Brett Docherty

Personal information
- Born: 4 March 1968 (age 58) Hay, New South Wales, Australia

Playing information
- Position: Fullback, Wing
Club
| Years | Team | Pld | T | G | FG | P |
| 1989–91 | Western Suburbs | 25 | 0 | 18 | 0 | 36 |
| 1992 | Illawarra Steelers | 15 | 0 | 3 | 0 | 6 |
| 1993 | Eastern Suburbs | 1 | 0 | 0 | 0 | 0 |
|  | Total | 41 | 0 | 21 | 0 | 42 |
- Source:

= Brett Docherty =

Australian rugby league player

Brett Docherty (born 4 March 1968) is an Australian former professional rugby league footballer who played for the Western Suburbs Magpies, Illawarra Steelers and Eastern Suburbs.

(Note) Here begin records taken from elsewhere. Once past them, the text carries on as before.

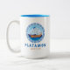 Platamon, tasse à café à deux tons en Grèce avec un design d'un navire grec ancien et des lettres de style grec. Ce modèle de navire de la Grèce antique a la clé grecque dans un design circulaire avec la mer et le ciel. Ce design de style grec fait de cette tasse un cadeau ou un souvenir idéal ou pour boire un café pendant vos vacances à Platamon.
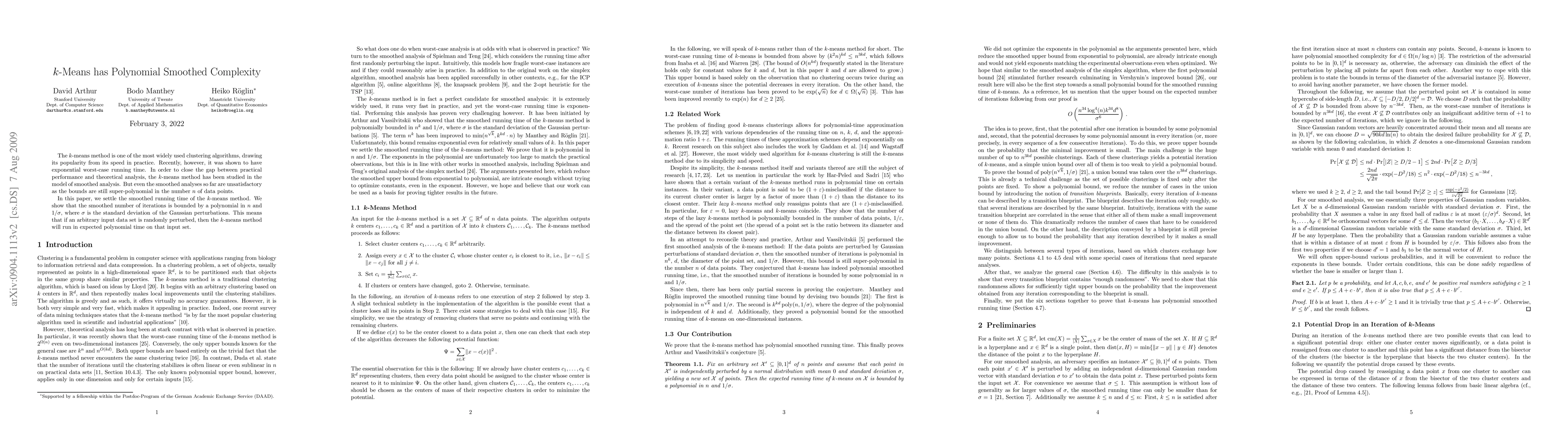 The k-means clustering algorithm has polynomial smoothed complexity, meaning its running time improves to polynomial order even when input data is randomly perturbed.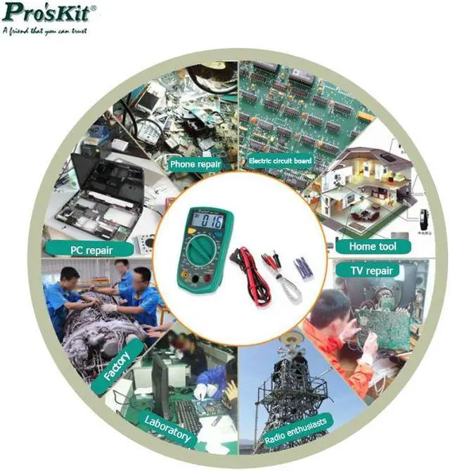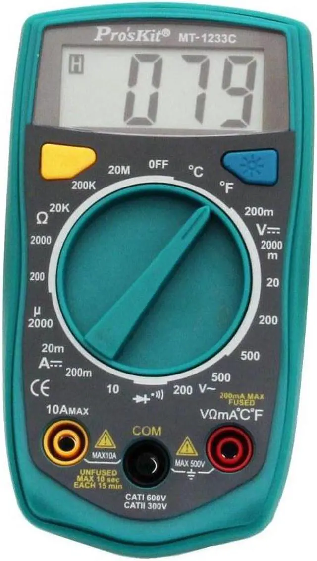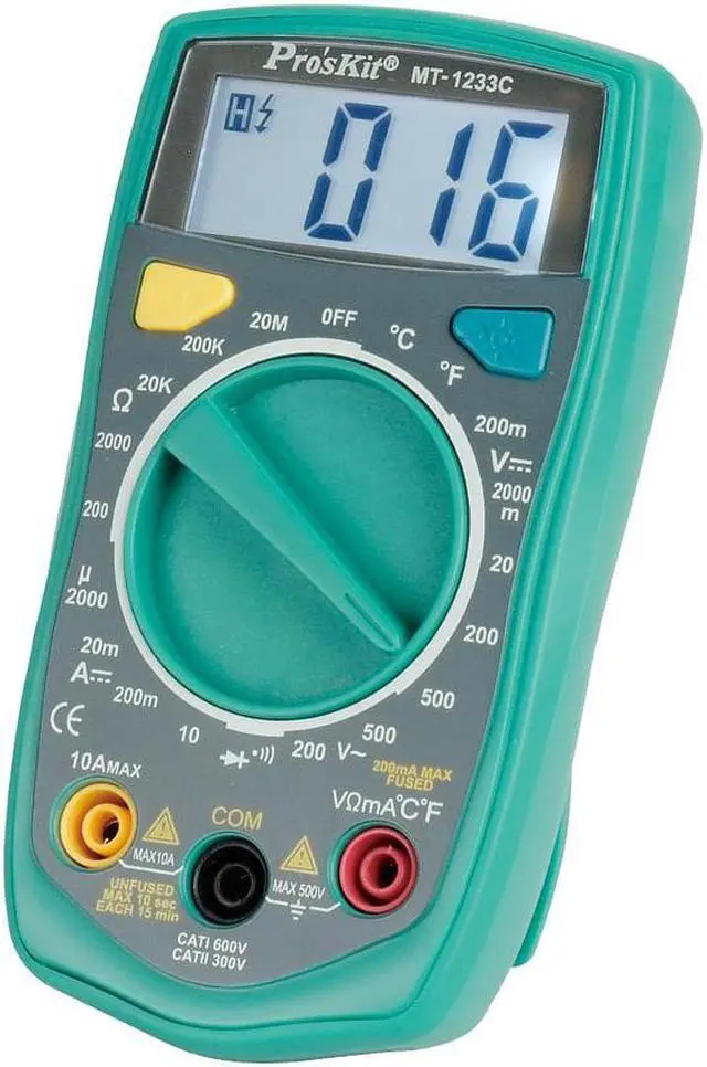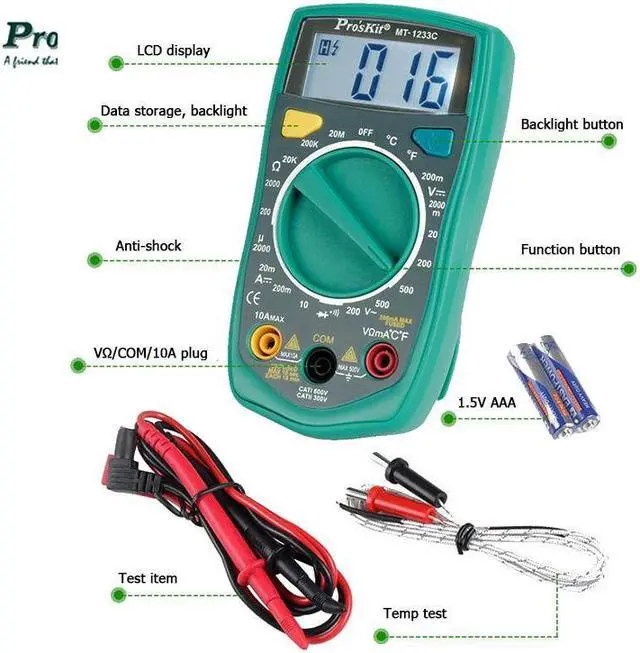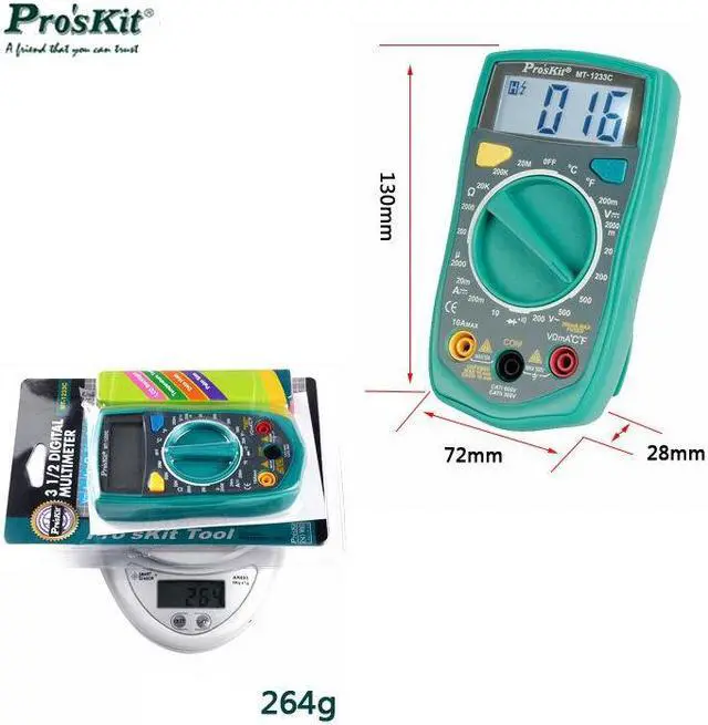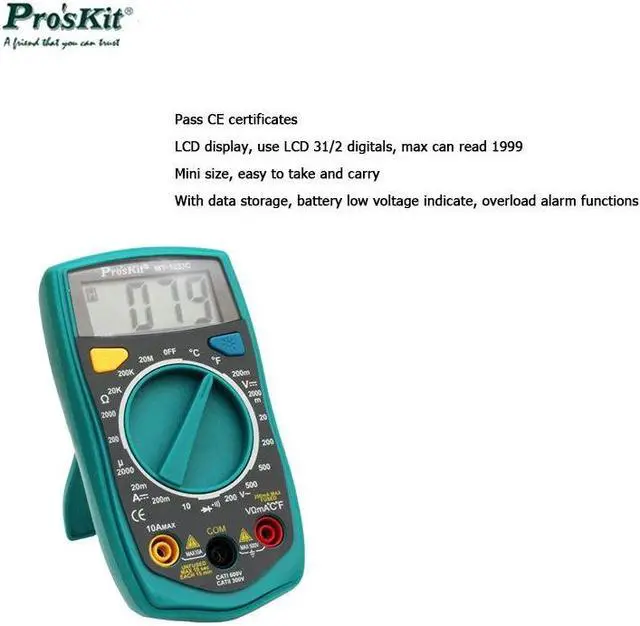 Pro'sKit MT-1233C-C 3 1/2 Digital Multimeter DC AC Voltage Current Resistance Tester Ammeter Multitester Temperature Tester Pass CE certificates LCD display, use LCD 31/2 digitals, max can read 1999 Mini size, easy to take and carry With data storage, battery low voltage indicate, overload alarm functions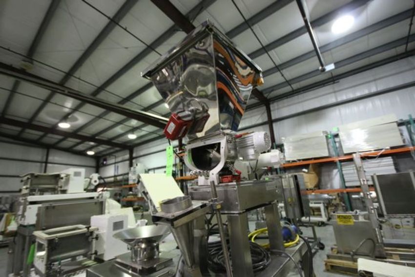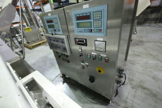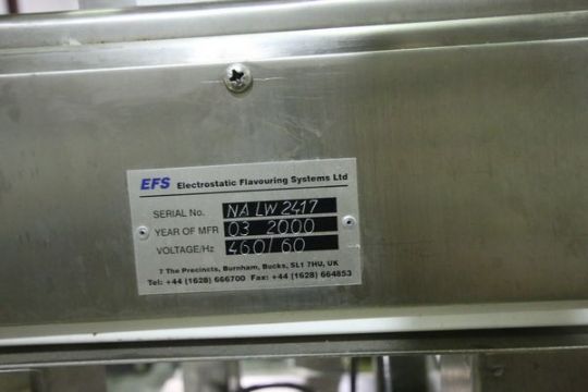 Electrostatic Flavoring System, S/N NALW2417, Mounted on Portable S/S Skid with S/S Funnel, Controls and Rospen LBC1000 Weighing and Metering Touchpad Display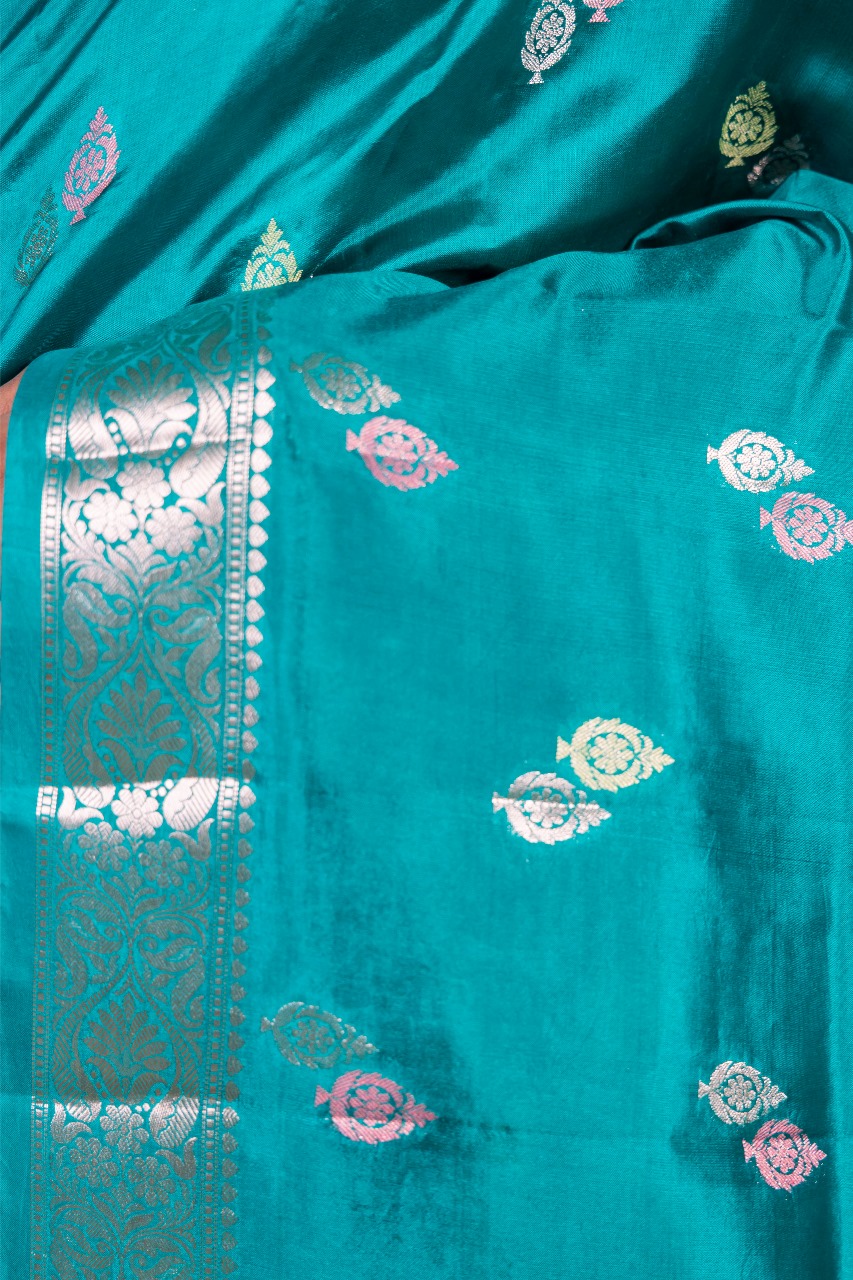 BNS Teal Majesty Alfi Katan Silk – Premium Banarasi Saree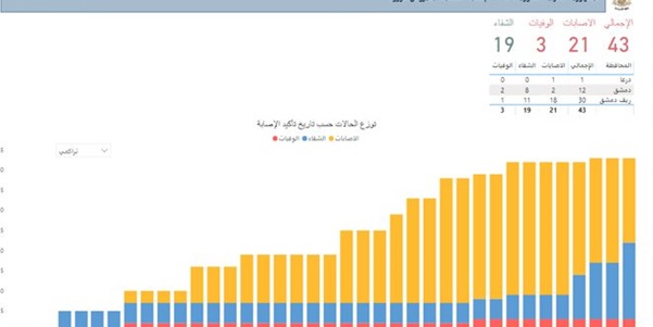 The new service showed that the registered cases of Coronavirus in Syria amounted to 43 cases, 19 of which recovered , three cases died. The cases were distributed among the governorates of Daraa, one case, Damascus 12 : 8 cases recovered and two cases died and two are under treatment, and Damascus Countryside: 30 cases, 11 cases recovered, one case died, and 18 cases are under treatment.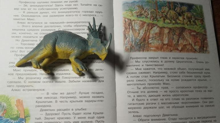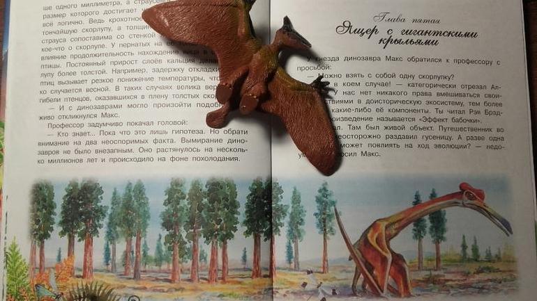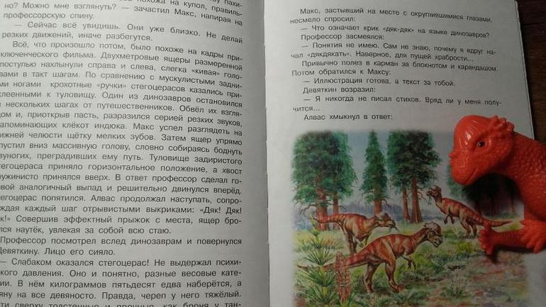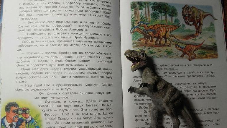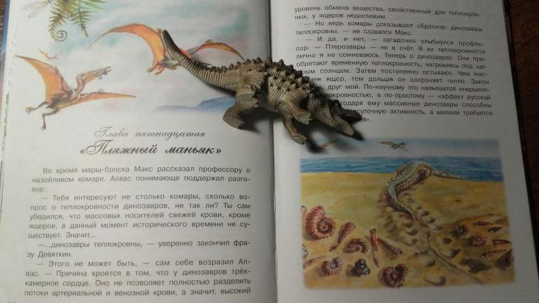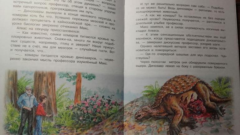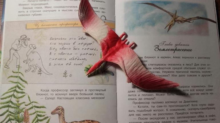 Самая большая фишка конечно, что действие происходит в Москве, в музее, в который реально можно съездить и помечтать, что там действительно есть портал, мальчик обычный школьник Максим, ученик 5 класса (т.е. это 10-11 лет), это очень подкупает)) Книга написана живым языком, в ней собраны энциклопедические сведения, но поданные с такой легкостью, что воспринимаются легко и запоминаются тоже. Мне казалось нас уже ни чем не удивить после бесконечных энциклопедий и художественных книг, но нет, например, профессор озвучивает теорию исчезновения динозавров. Динозавры могли погибнуть всвязи с тем, что похолодание на планете повлияло на вынашивание яиц внури тела, что увеличило их плотноть и после откладывания не позволило зародышам прорезать себе скорлупу, т.е. они просто погибали внутри, не появлялись новые динозавры, а оставшие просто постепенно умирали от голода, холода, съеденные и от старости. Очень интересная теория, первый раз о ней читала. Также есть и другие теории, описанные в книге. Много информации о флоре того периода, нравится то, что они просто наблюдатели, нет сказочного взаимодействия. Сын сказал эта книга интереснее Даррела (показывала тут). Также каждую главу сопровождают зарисовки и стишки профессора)) Хоть книга и расчитана на детей 9-12 лет, но иллюстраций в книге более чем достаточно. Книга предназначена для среднего школьного возраста, потому что в ней много детальной научной информации о динозаврах, биологии, но мой 6тилетка прослушал ее с удовольствием, что-то может и не понял, но на все мои вопросы отвечал и содержание хорошо запомнил. Попутно задавал вопросы, но не много, очень уж интересный сюжет не до вопросов. Книга будет очень интересна школьникам в процессе обучения. Рассказывается про пищевые цепи, их влияние и много еще чего интересного.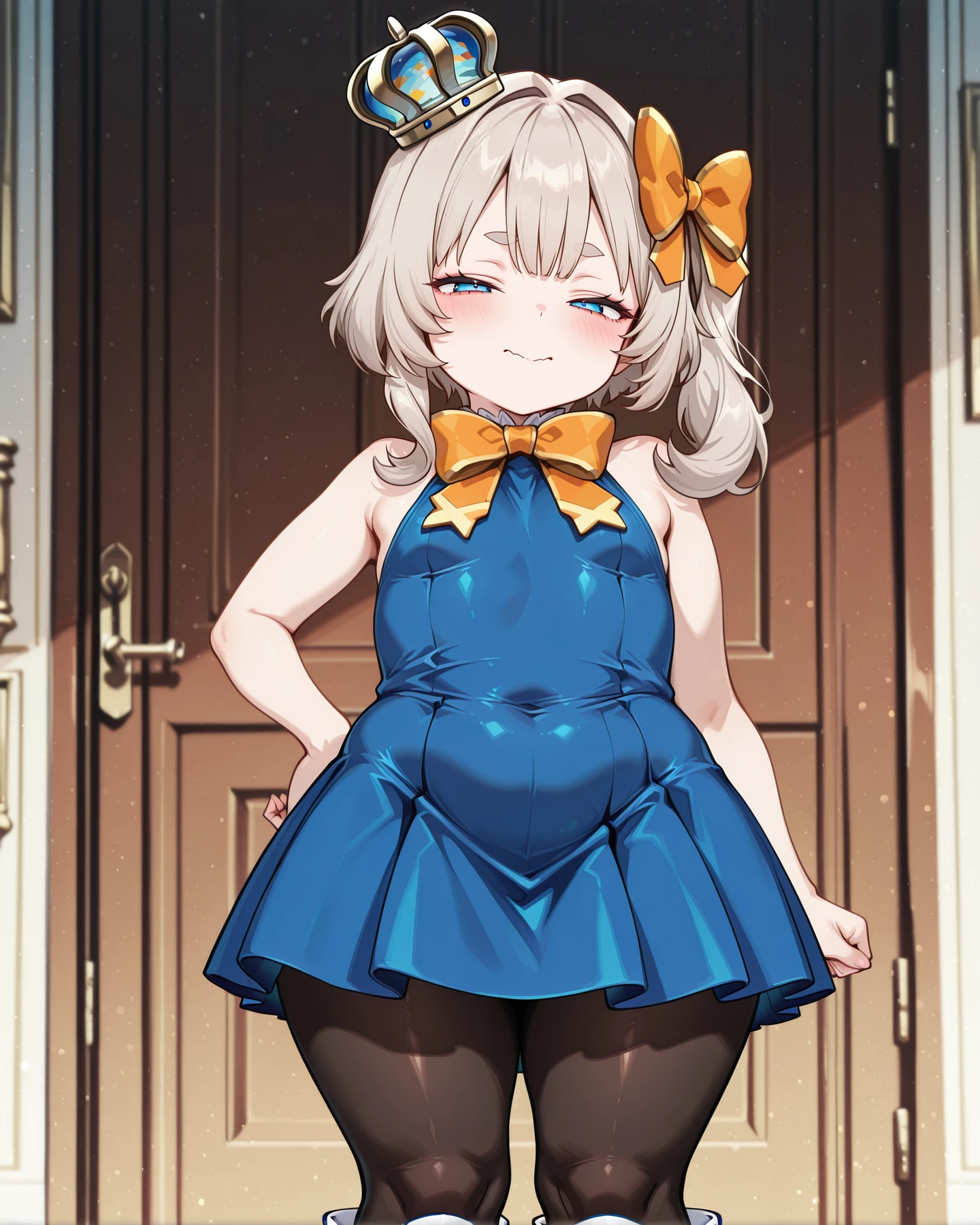 FishPrincess, blue eyes, platinum blonde hair, medium hair, side ponytail, orange bow, hair bow, mini crown, orange bowtie, blue sleeveless top, white layered dress, gold trim, bare shoulders, white corset, blue tailcoat, back ribbon, fish shaped orange sleeves, wide detached sleeves, black pantyhose, white boots, blue heel shoes,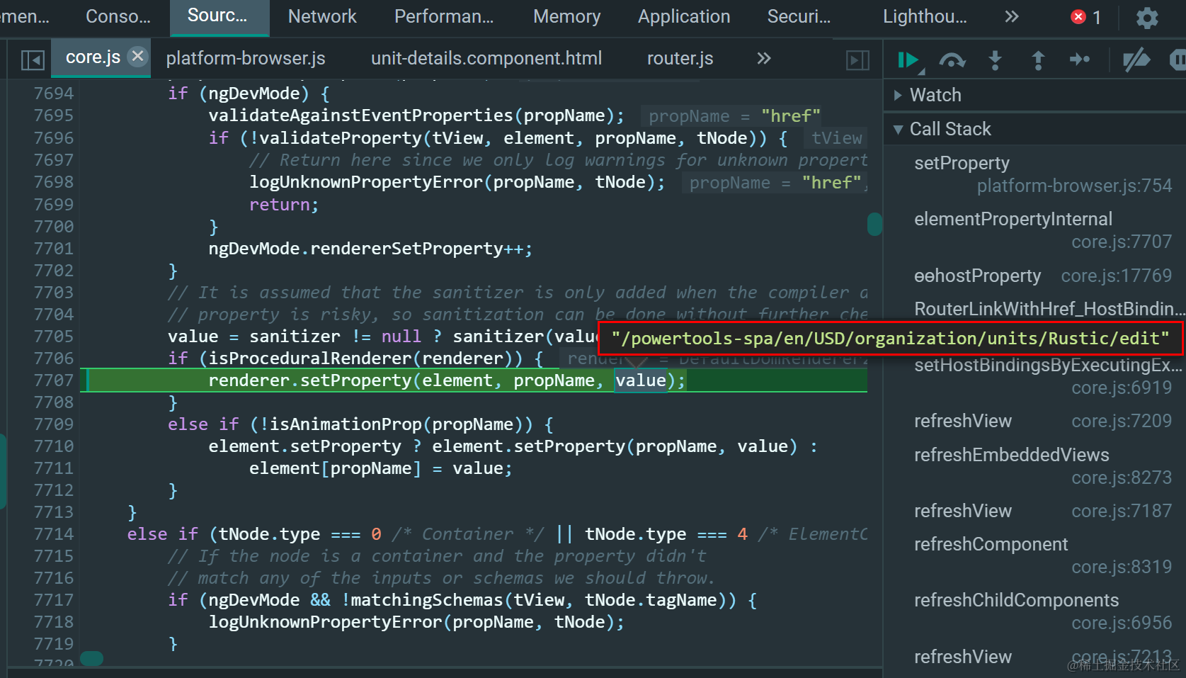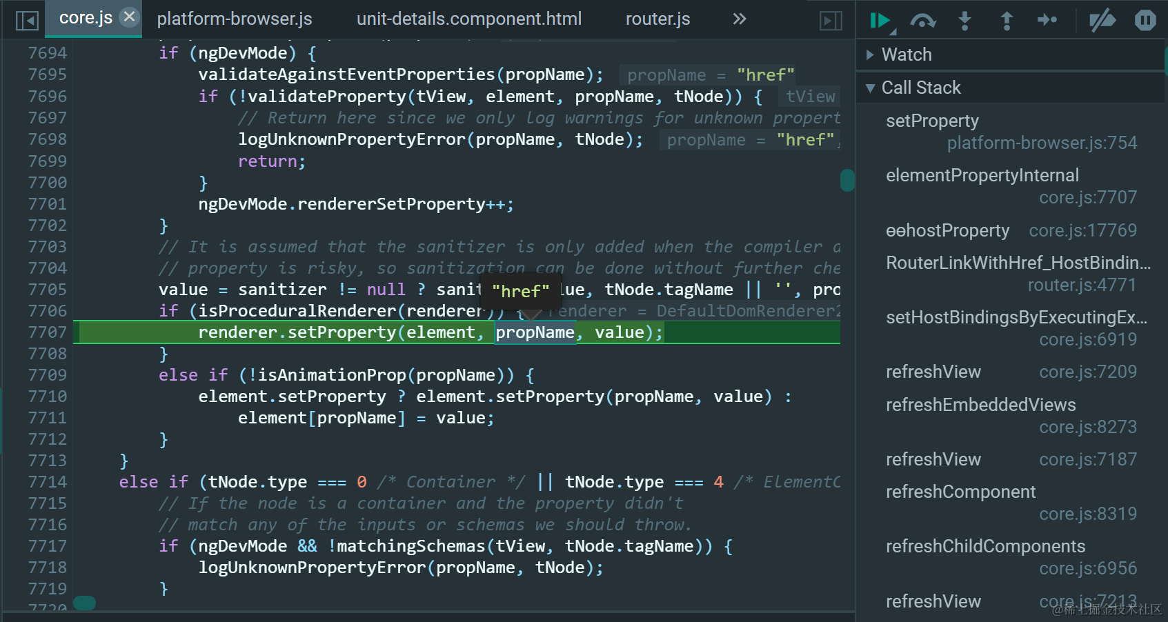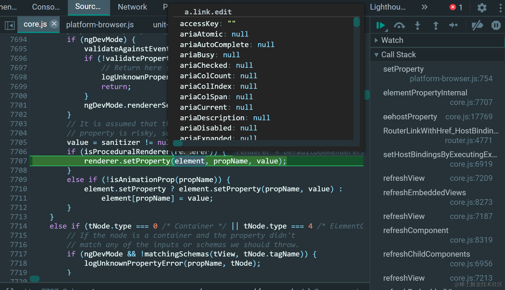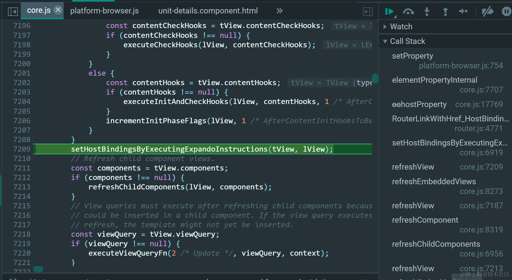 在core.js文件的setHostBindingsByExecutingExpandoInstructions(tView, lView)函数里设置断点:

Born in the New South Wales town of Hay, Docherty played three first-grade seasons at Western Suburbs, as a fullback and occasional goalkicker.

In 1992 he joined Illawarra and had his biggest impact at the club before the season started, helping the Steelers to the Challenge Cup title. Playing as a winger, he scored the winning try in Illawarra's semi-final win over Cronulla, then kicked both of his side's penalties when they defeated the Brisbane Broncos 4-2 in the final. He kept his spot on the wing when the NSWRL season began, before later returning to fullback, in what would be his only season at Illawarra.

Docherty made a single first-grade appearance for Eastern Suburbs in 1993, before being signed by the Western Reds the following season as the Perth-based club looked to build its list for entry into the league in 1995.